Um novo espaço de análise, reflexão e pluralidade no
debate público sobre o sistema de justiça criminal








Quando, seu moço, nasceu meu rebento
Não era o momento dele rebentar
Já foi nascendo com cara de fome
E eu não tinha nem nome para lhe dar
(Chico Buarque)
A imputabilidade, no dizer de Heleno Cláudio Fragoso (1990, p. 197),
é a condição natural de maturidade e sanidade mental, que confere ao agente a capacidade de entender o caráter ilícito do fato ou de se determinar de acordo com esse entendimento.

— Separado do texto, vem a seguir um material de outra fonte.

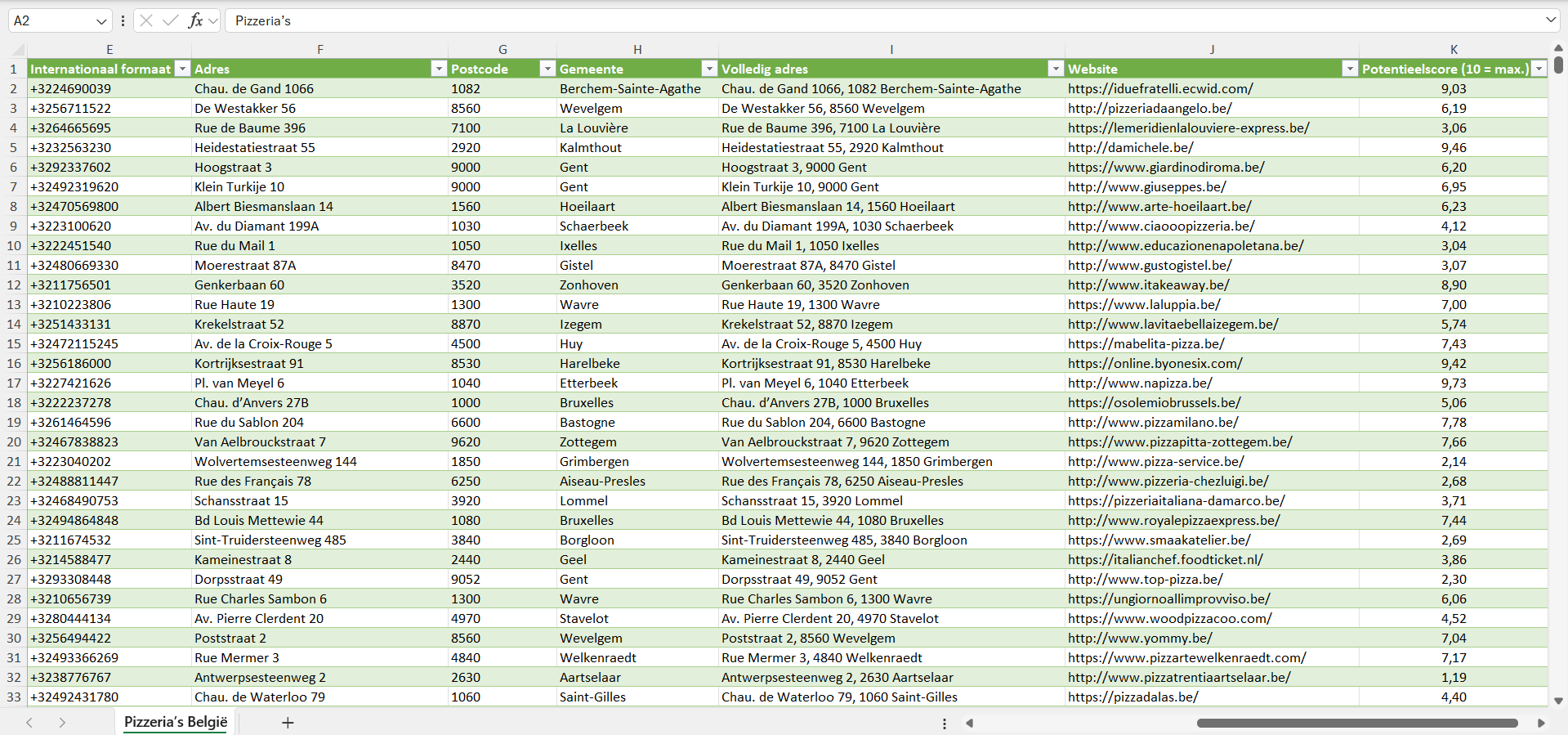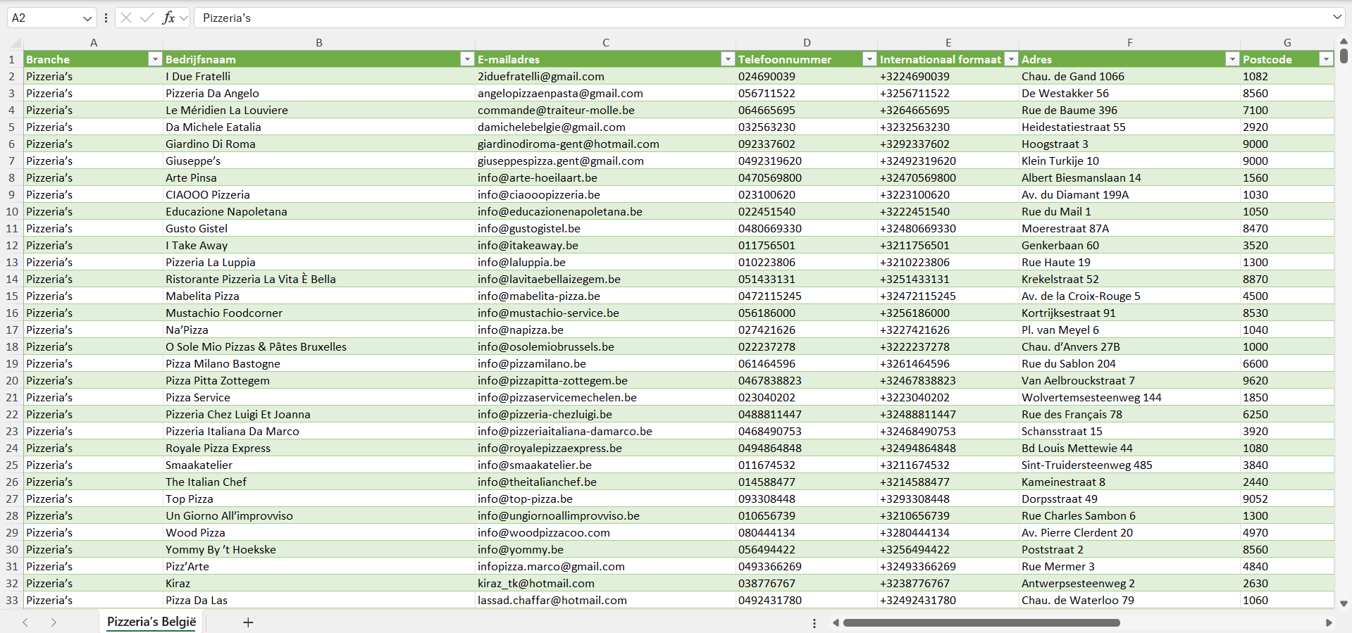 Na aankoop kun je de lijst met alle pizzeria’s in België direct downloaden als Excel-bestand. Deze is geschikt voor gebruik in veelgebruikte CRM- en verkoopsoftware, zoals Salesforce, Pipedrive, HubSpot, Mailchimp, Klaviyo, ActiveCampaign en andere. Op verzoek leveren we de gegevens van de pizzeria’s ook in andere formaten, zoals CSV.

Em suma, é a capacidade genérica de entender e querer, ou seja, de entendimento da antijuridicidade de seu comportamento e de seu autogoverno, que tem o maior de 18 anos. Responsabilidade penal é o dever jurídico de responder pela ação delituosa que recai sobre o agente de acordo com esse entendimento.
Segundo o Código Penal (CP) os menores de 18 anos são penalmente inimputáveis (art. 27 do CP), ou seja, não atingiram a capacidade plena de entender o caráter ilícito do fato e de determinar-se de acordo com este entendimento, estando, portanto, sujeitos às normas estabelecidas na legislação especial, no caso o Estatuto da Criança e do Adolescente (ECA) – Lei 8.069/90.
Na fixação do pressuposto da responsabilidade penal ou para a determinação da imputabilidade penal apresentam-se três sistemas ou critérios: O sistema estritamente biológico condiciona a responsabilidade à saúde mental, à normalidade da mente, ou seja, se o agente é doente mental deve ser declarado inimputável. O critério psicológico não indaga se há uma perturbação da saúde, este critério tem como base a capacidade do agente de entendimento do fato, na determinação e na capacidade de agir de acordo com essa apreciação do entendimento em relação a um determinado fato. Por fim o critério biopsicológico adotado pela nossa legislação que é uma reunião dos dois critérios anteriores.
Quando se trata dos menores de 18 anos, o Código faz uma exceção a essa regra, pois nesta hipótese a causa biológica (imaturidade) basta, por si só, irrestritamente, sem qualquer indagação psicológica, para excluir a responsabilidade penal” (Hungria, 1958, p. 323).
Portanto, com relação aos menores de 18 anos o Código Penal brasileiro é imperativo ao dizer que são os mesmos penalmente inimputáveis (art. 27), ou seja, a eles não pode ser atribuído responsabilidade penal. Nos mesmos termos a Constituição da República (art. 228).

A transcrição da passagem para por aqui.